Happy 30th birthday you brilliant bastards!

Some simply sublime metal albums are turning 30 years old this year…..here’s ANOTHER 6 of ’em to keep you going!

Defiance – Beyond Recognition [USA]

Defiance – Beyond Recognition (2007, Digipak, CD) - Discogs

Released: March 27th, 1992 via Roadracer Records

Genre: Technical Thrash Metal

At this stage in their career, Defiance were now trying to out ‘heavy’ the likes of Testament (by way of fellow Bay Area brethren Heathen) and found themselves forging ahead in an ever more progressive thrash direction….and they were damn good at it too!

“Inside Looking Out” entertained a decidedly warped take on typical chugging riffs (and featured vocal contributions from aforementioned Heathen frontman David White) and the heady thrash-fest of “Promised Afterlife” rivalled Justice-era Metallica for complexity, while remaining staunchly ‘heavy’. The remainder of Beyond Recognition’s tracks offered diversity, complexity and enough ideas to make 90s era Metallica hang their heads in shame.

Beyond Recognition is Defiance’s greatest achievement and one of the most impressive moments in 90’s thrash, even though it remains ironically unrecognised by those clearly not ‘in the know’. Of course, the rest of us recognise the moment when Defiance excelled themselves and if thrash hadn’t died on its arse in the 90’s, this outstanding album surely would have seen Defiance swiftly rise up the ranks!

Demigod – Slumber Of Sullen Eyes [Finland]

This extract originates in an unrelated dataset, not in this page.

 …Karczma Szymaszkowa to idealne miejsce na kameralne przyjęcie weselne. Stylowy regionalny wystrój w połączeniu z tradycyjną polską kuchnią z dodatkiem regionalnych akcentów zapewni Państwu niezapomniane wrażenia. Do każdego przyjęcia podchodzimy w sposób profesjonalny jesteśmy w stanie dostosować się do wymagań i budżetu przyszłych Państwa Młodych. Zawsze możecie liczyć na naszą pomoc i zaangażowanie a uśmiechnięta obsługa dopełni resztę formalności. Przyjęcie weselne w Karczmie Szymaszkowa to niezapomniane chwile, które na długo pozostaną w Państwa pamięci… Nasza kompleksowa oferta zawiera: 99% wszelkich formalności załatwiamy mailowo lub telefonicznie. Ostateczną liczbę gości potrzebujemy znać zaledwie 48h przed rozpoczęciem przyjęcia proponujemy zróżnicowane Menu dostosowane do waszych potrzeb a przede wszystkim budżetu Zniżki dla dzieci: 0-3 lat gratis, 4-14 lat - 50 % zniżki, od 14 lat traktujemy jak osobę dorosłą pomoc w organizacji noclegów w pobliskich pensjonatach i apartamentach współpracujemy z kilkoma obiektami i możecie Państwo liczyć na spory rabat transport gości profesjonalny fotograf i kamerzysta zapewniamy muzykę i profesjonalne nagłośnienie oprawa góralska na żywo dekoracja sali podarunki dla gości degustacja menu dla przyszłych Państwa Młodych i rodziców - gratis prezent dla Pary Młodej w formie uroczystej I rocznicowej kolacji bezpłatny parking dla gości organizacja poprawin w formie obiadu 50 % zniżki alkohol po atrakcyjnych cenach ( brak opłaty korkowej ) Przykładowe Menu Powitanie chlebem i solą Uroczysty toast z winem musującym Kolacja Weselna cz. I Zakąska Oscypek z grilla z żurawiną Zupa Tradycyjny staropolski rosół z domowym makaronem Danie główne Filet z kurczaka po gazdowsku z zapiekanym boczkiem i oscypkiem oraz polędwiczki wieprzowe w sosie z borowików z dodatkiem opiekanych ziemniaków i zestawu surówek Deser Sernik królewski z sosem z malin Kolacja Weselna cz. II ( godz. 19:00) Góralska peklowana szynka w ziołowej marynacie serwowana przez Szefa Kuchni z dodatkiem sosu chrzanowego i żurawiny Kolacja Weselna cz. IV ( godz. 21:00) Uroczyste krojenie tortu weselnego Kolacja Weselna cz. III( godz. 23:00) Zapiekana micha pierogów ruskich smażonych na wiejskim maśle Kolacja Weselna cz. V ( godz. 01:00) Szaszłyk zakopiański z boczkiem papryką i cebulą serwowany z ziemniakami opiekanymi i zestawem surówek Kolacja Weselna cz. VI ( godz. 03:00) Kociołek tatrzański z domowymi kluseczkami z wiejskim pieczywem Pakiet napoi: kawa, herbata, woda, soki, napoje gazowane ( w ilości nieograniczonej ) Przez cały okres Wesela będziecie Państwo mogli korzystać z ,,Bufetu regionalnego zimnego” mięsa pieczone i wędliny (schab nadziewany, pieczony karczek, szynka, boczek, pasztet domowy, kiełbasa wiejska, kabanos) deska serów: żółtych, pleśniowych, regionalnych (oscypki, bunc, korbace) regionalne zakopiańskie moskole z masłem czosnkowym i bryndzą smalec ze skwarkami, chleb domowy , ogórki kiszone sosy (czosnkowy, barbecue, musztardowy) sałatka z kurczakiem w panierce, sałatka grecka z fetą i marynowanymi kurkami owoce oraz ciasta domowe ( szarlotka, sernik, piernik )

Slumber of Sullen Eyes | DEMIGOD | Xtreem Music

Released: November 1992 via Drowned Productions

Genre: Death Metal

In 1992, Finnish death metallers Demigod may have released their debut album, Slumber Of Sullen Eyes, to little fanfare but this album’s reputation has grown substantially over the years, and is now revered as one of the most chillingly atmospheric, morbidly dark and fiendishly melodic death metal albums of the early 90’s!

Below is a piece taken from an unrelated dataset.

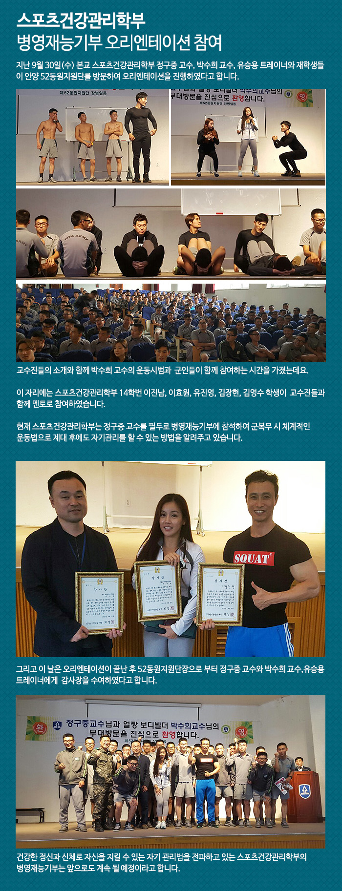 지난 9월 30일(수) 본교 스포츠건강관리학부 정구중 교수, 박수희 교수, 유승용 트레이너와 재학생들이 안양 52동원지원단를 방문하여 오리엔테이션을 진행하였다고 합니다.

Demigod didn’t adhere to the crushing, buzzsaw brutality of their Nordic cousins and, instead, they adopted a more nuanced style informed by diversity, doom-influences and a characteristically Finnish low-end which rumbles so effectively as to induce involuntary bowel movements.

Each track on this beast is decidedly distinct and delivers the kind of depth not usually associated with death metal. While heavy as all hell, it’s the sombre melodies and intricate interplay – which incorporates everything from tremolo riffing to Bolt Thrower-esque groove – which marks out Slumber Of Sullen Eyes as a cult item and an all-time death metal classic.

The finest Finnish death metal album in existence? Only Demilich’s Nespithe challenges it!

Epidemic – Decameron [USA]

Epidemic - Decameron | Références, Avis, Crédits | Discogs

Released: August 3rd, 1992 via Metal Blade Records

Genre: Death / Thrash

Arriving rather late on the scene, Epidemic’s fusion of thrash and death was understandable as by 1992 death metal had already begun to ensnare those fans looking for ever heavier sounds. 

With complete disregard for the level of melody the majority of mainstream metal bands had been playing with – this was around the time of Testament’s ultra-melodic The RitualDeath Angel’s next-level Act III and the behemoth that was Metallica’s Black Album – Epidemic’s death/thrash was relentless in its attack and rivalled the sounds emanating from the likes of Ripping Corpse and Baphomet!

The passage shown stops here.